Matthew took a baby carrier in each hand and, with much input from Marthe, Sarah, Ysabeau, and Victoire on the icy state of the stairs, climbed to the front door. Inside, the magnitude of where he was, and why, struck him. Matthew was bringing the latest in a long line of de Clermonts back to their ancestral home. It didn’t matter if our family was only a lowly scion of that distinguished lineage. This was, and would always be, a place steeped in tradition for our children.
“Welcome home.” I kissed him.
He kissed me back, then gave me one of his dazzling, slow smiles. “Thank you, mon coeur. ”
Returning to Sept-Tours had been the right decision. Hopefully, no mishaps would darken our otherwise pleasant homecoming.
In the days leading up to the christening, it seemed as though my wishes would be granted.
Sept-Tours was so busy with the preparations for the twins’ christening that I kept expecting Philippe to burst into the room, singing and telling jokes. But it was Marcus who was the life of the household now, roaming all over the place as if he owned it—which I suppose he technically did—and jollying everybody into a more festive mood. For the first time, I could see why Marcus reminded Fernando of Matthew’s father.

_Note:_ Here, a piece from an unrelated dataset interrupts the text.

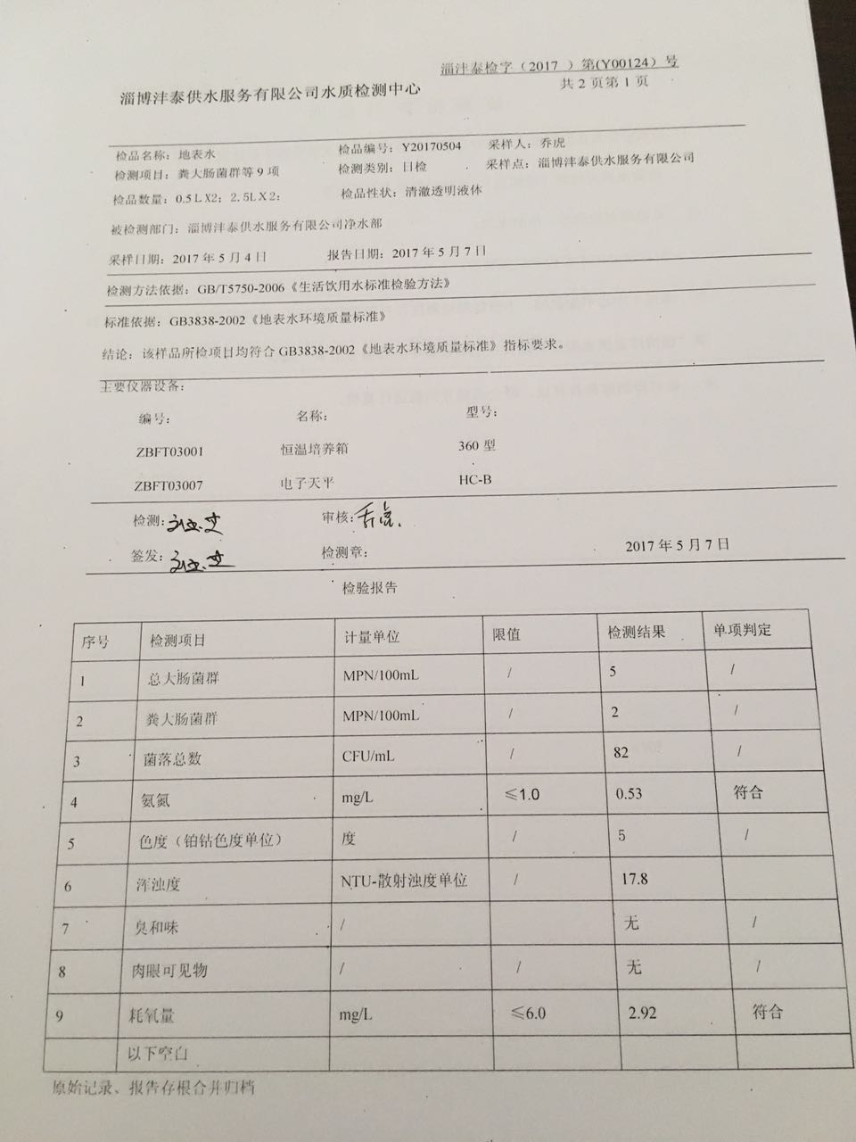淄博灃泰供水服務有限公司地表水檢測日報表
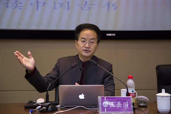 王岳川教授以丰富的史实阐释中华文化的核心价值。他认为中华文化有自己的文化积淀,我们要发挥优势,从我国优秀传统文化中寻找精、气、神,提炼核心价值,推陈出新,让文化自信更有底气。王教授首先提出,建设文化强国必须有自己的核心价值。他认为中华文化的核心价值是善美大雅、立己达人、中庸孝和。其次,正如王教授所说,中华民族是一个知道停下来的民族,止于至善。他说“止”有两个意思,一是不停,一息尚存,奋斗不止。二是要停,止于雷池深渊,止于霸权主义,止于对全球自然生态的豪夺和大规模破坏,止于尽善尽美之境界。对比东西方的现状,他认为,中华民族不应该亦步亦趋地追逐西方潮流,而应该豪迈地站起来说,我们也可以为人类的未来进行规划。再次,他强调创新要在原来的基础上发展,不能颠覆,要推陈出新。把传统优秀文化变成后工业文明的新的理论、逻辑和范畴,这个转换的工作也算是一种创新。最后,王教授借用习近平总书记的话结束了此次报告。2014年5月4日,习近平在北京大学说,中华文化“有其永不褪色的时代价值,又有其自身的连续性和稳定性。我们生而为中国人,最根本的是我们有中国人的独特精神世界”。

When Marcus ordered that all the furniture in the great hall be replaced with long tables and benches capable of seating the expected hordes, I had a dizzying sense of déjà vu as Sept-Tours was transformed back to its medieval self. Only Matthew’s rooms remained unchanged. Marcus had declared them off-limits, since the guests of honor were sleeping there. I retreated to Matthew’s tower at regular intervals to feed, bathe, and change the babies—and to rest from the constant crush of people employed to clean, sort, and move furniture.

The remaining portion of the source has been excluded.